As the third book in the Last Dragonslayer series, Jasper Fforde's
The Eye of Zoltar fails in only one
respect; that of actually finishing the story. It turns out that the series is
a tetralogy, not a trilogy, although Fforde's website does not have a due date
for the book currently titled Jennifer
and the Wizard (formerly The Great
Troll War.) The book itself follows orphan heroine Jennifer Strange as she
is dispatched to the precipitous terrain and treacherous politics of the
Cambrian Empire to retrieve the titular jewel, with the aid of newly-minted
sorcerer Perkins and pre-teen jeopardy tour guide Addy Powell, while at the
same time unmasking a conspiracy and educating the impossibly spoiled Princess
Shazeen in the fine art of not being a complete brat. As with the last book, there are a few niggles with continuity, not least that the trolls previously seen to be relatively sophisticated beings who consider humans as a cute but annoying invasive species have apparently reverted to being brutal, corpse-displaying savages. The stakes of the novel end up significantly greater than in the previous books, and it ends on an as yet unresolved cliffhanger, which is a bit of a bugger really.

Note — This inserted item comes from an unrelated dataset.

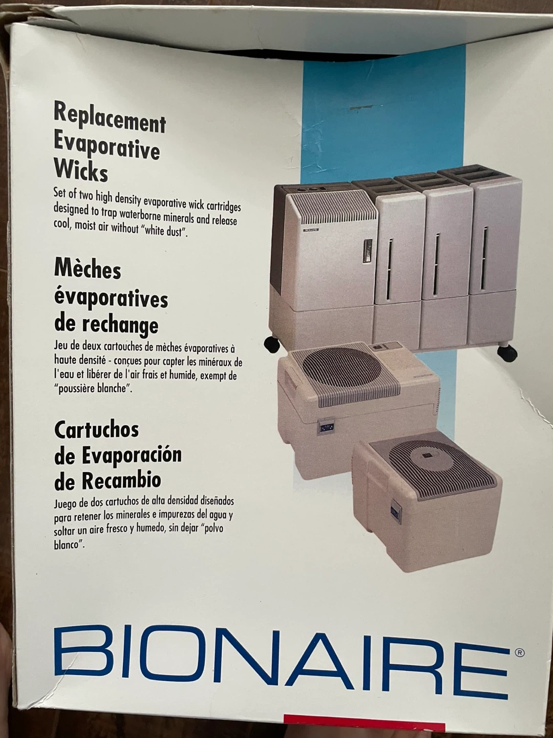 Room humidifier good condition. Comes with additional two high density evaporative wick cartridges. Designed to trap waterborne minerals and release cool, moist air without "white dust".

Jane Collingwood once more provides a fine reading, with a wide
array of voices and accents; some better than others.
Finally for the month, I gave up on Viking epic West of the Moon on the grounds that if
I'm going to tell my daughter she ought to change library books she isn't
reading, I ought to do the same myself, and instead picked up Cressida Cowell's
How to Train Your Dragon, on which
the film is based. It is a completely different beast, far more interested in
joke names about bodily functions than father-son bonding, and featuring a
culture in which dragons are ubiquitous in the place of hawks and hounds, but
less so as horses. It's not a bad book, and a quick read besides, although I'm
in no hurry to plough through the next eighteen of the buggers. I confess, I am
probably biased in that I saw the film first and loved it, and enjoyed the
second one (although it has its problems, some of which I think I overlooked in
considering the films as part of the wider world created in the accompanying TV
series,) but in this case I definitely prefer the film.
(1) Although in all honestly I am baffled by the reader, Roy
Dotrice's decision to give the Marquis a French accent. Name notwithstanding, I've always considered the Marquis to be a London boy.